The eight primary Mahavakyas are: 1. Prajñânam brahma, “Prana is Brahman (the universal consciousness)” 2. Ayam âtmâ brahma, “This self is Brahman” 3. Tat tvam asi, “Thou art that” 4. Aham brahmâsmi, “I am Brahman” 5. Brahma satyam jagan mithyâ, Brahman is real, the world is illusory” 6. Ekam evadvitiyam brahma, “Brahman is one without a second” 7. So ‘ham, “He am I” 8. Sarvam khalvidam brahma, “All of this is Brahman”

This emphasis on knowledge could also take the form of meditating on the meaning of any mantra.

Subtler still, the singular power of knowledge implies that the “knowledge packet” of any particular mantra can be taken into one’s body tactilely - as a physical thing - to enhance or clarify the self.

This could be done via vinyasa, “precise placement.”

The guru would touch the student’s body and “implant” the mantra in them.

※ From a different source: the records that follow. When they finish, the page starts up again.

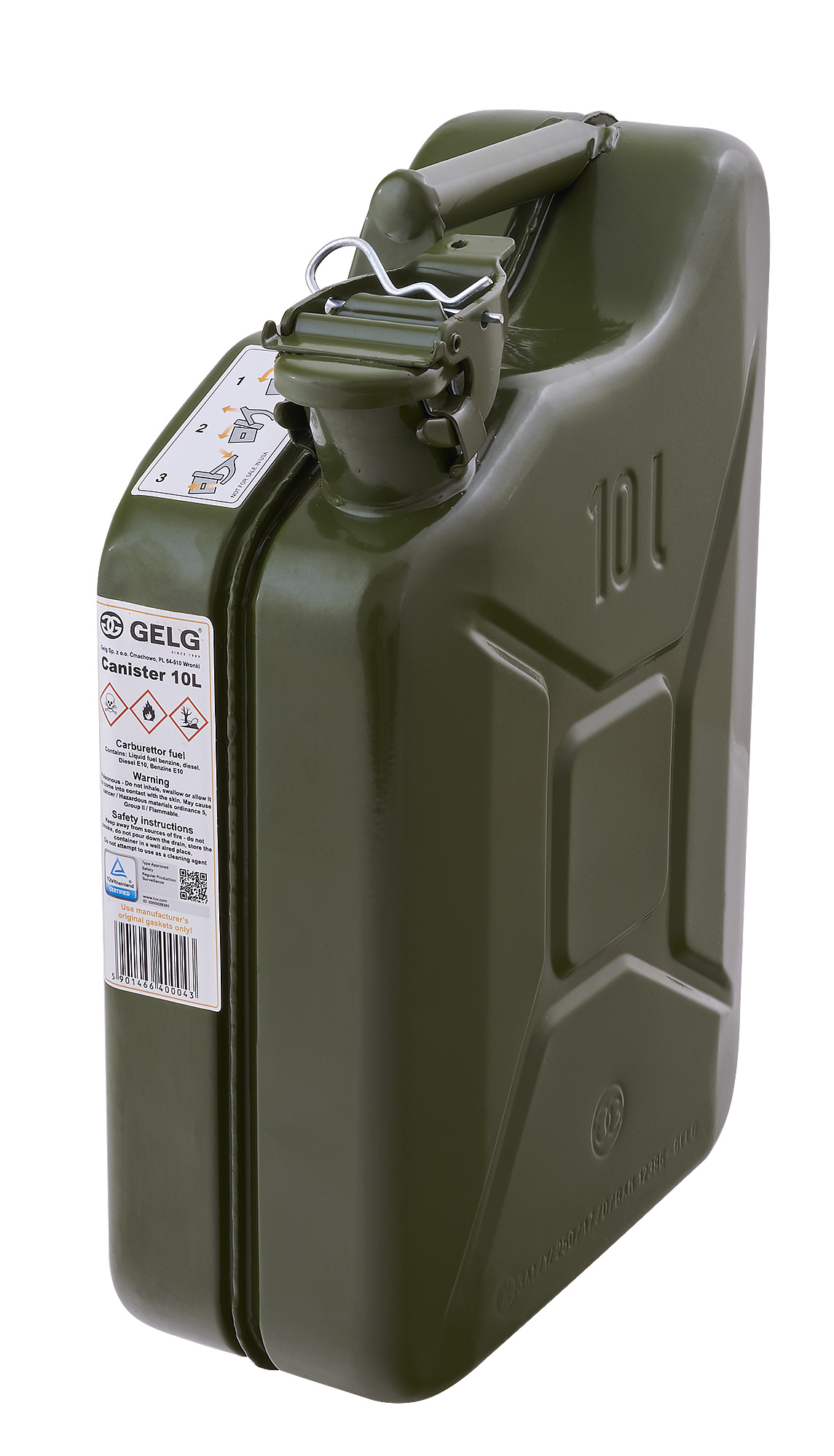 Канистра 10л имеет сертификат TUV/GS и UN ADR/GGVSSEB, поэтому она соответствует и предопределена для перевозки «опасных» жидкостей в ненормированных условиях окружающей среды.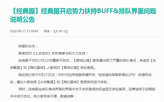 9月16日,开服仅不到一个小时的时间,官方为了服务器平衡不得不发出紧急通告暂时关闭这个区的角色创建功能。9月17日,官方再次启动势力扶持政策,针对永夜繁星、隐约星域两组服务器开启“经验值和掉落率增加20%”的福利设定,鼓励大家选择永夜繁星和隐约星域,以达到更好的游戏体验。
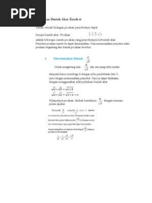 Pecahan a rasional dan b merupakan bentuk akar bagian penyebutnya dapat dirasionalkan dengan cara mengalikan pecahan tersebut dengan sehingga pecahan tersebut menjadi seperti berikut. Jika pembilang lebih besar daripada penyebut seperti hasil penjumlahan soal 2 ini berarti kita mendapatkan 1 bulangan bulat setelah menyederhanakan pecahan. X 2.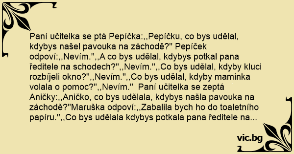 Paní učitelka se ptá Pepíčka:,,Pepíčku, co bys udělal, kdybys našel pavouka na záchodě?'' Pepíček odpoví:,,Nevím.'',,A co bys udělal, kdybys potkal pana ředitele na schodech?'',,Nevím.'',,Co bys udělal, kdyby kluci rozbíjeli okno?'',,Nevím.'',,Co bys udělal, kdyby maminka volala o pomoc?'',,Nevím.'' Paní učitelka se zeptá Aničky:,,Aničko, co bys udělala, kdybys našla pavouka na záchodě?''Maruška odpoví:,,Zabalila bych hо do toaletního papíru.'',,Co bys udělala kdybys potkala pana ředitele na schodech?'',,Pozdravila bych hо.'',,Co bys udělala, kdyby kluci rozbíjeli okno?'',,Zabránila bych jim v tom.'',,Co bys udělala, kdyby maminka volala o pomoc.'',,Pomohla bych jí.'' Druhý den se paní učitelka zeptá znovu Pepíčka:,,Pepíčku, co bys udělal, kdybys našel pavouka na záchodě?'',,Pozdravil bych hо'',,Co bys udělal, kdybys potkal pana ředitele na schodech?'',,Zabalil bych hо do toaletního papíru.'',,Co bys udělal, kdyby kluci rozbíjeli okno?'',,Pomohl bych jim.'',,Co bys udělal, kdyby maminka volala o pomoc?'',,Zabránil bych jí v tom.''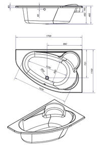 Ванна асим акрил Cersanit KALIOPE 170х110 с ногами правая, белый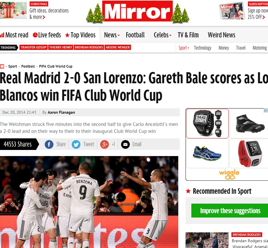 El periódico inglés Daily Mirror inclina su balanza en Gareth Bale. "Bale marca y los blancos ganan el Mundial".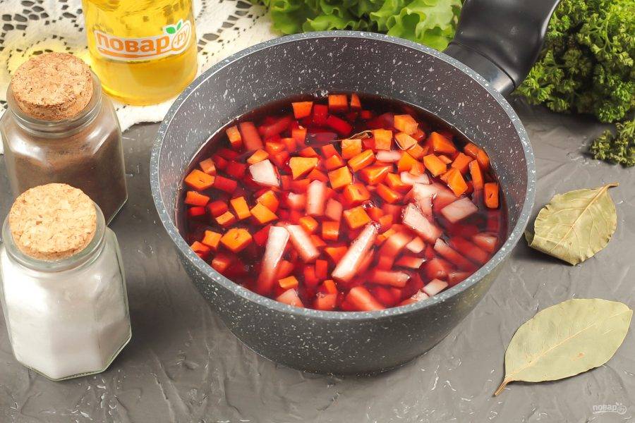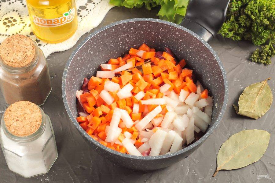 Нарежьте морковь и лук мелкими кубиками и добавьте в емкость. По желанию можно дополнить овощи нарезанным корневым или стеблевым сельдереем.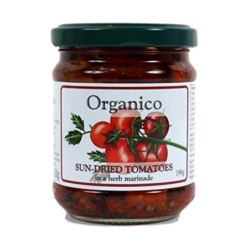 • Organic Sun-Dried Tomatoes in herbs and cold-pressed sunflower oil. Juicy tomatoes picked in summer, sun-dried and specially marinated to produce a rich, full flavour.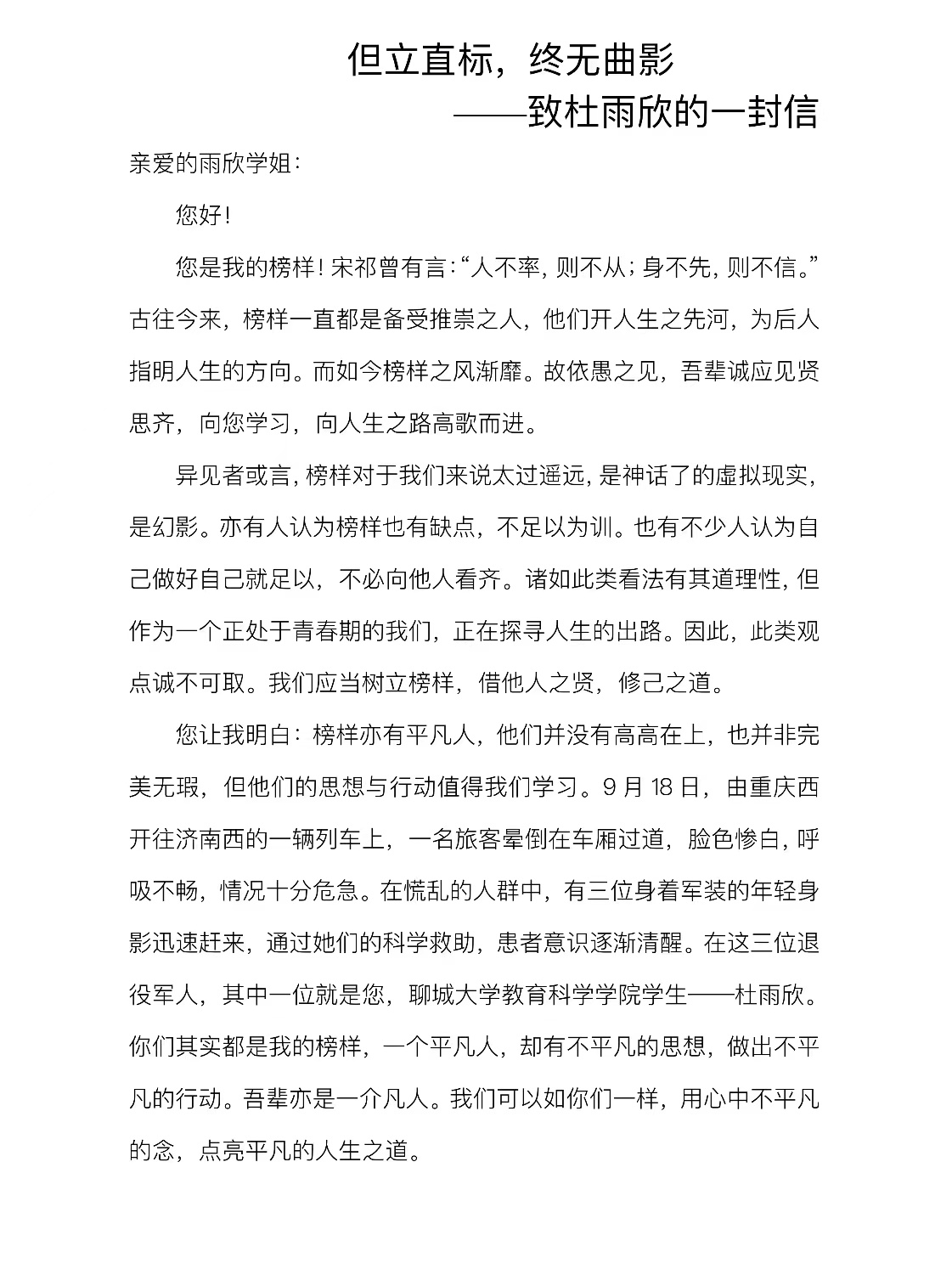 其身端正 行道泰然 公司举办“致杜雨欣一封信”征文活动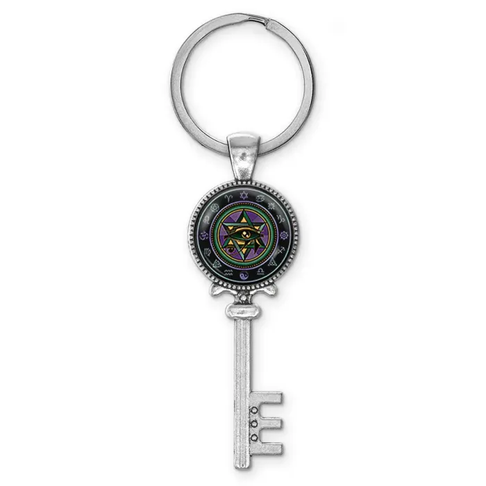 Брелок для ключей из бижутерного сплава с покрытием под серебро и изображением Ока Гора под стеклянной линзой.

Of course, mantras can be integrated by silent or non-silent chanting, too.

the oldest books of Indian traditions... include many ideas yoga makes use of.

In the practice of Advaita Vedanta (“nondual”) Philosophy, this focus on knowledge became even more all-encompassing.

In AV, one accepts intellectually that a supraintellectual realization of the mahavakyas -or the supra-intellectual realization of vidya (knowing) in an absolute sense - results in jivanmukta - living liberation.

Along with the Epic of Gligamesh, the Illiad, and the Old Testament, the Vedas are humanity’s oldest complete compositions. They are the source point for the religious traditions of India.

Though the Upanishads (c. 600 BCE to 200 CE) are the first books of yoga, they repurpose Vedic material for yogic use. If students and teachers want to know the nuances behind yoga philosophy and practice, if they want to understand how both practice and philosophy evolved—and source the tradition for their personal evolution - much will come of brooding on the holy Vedas.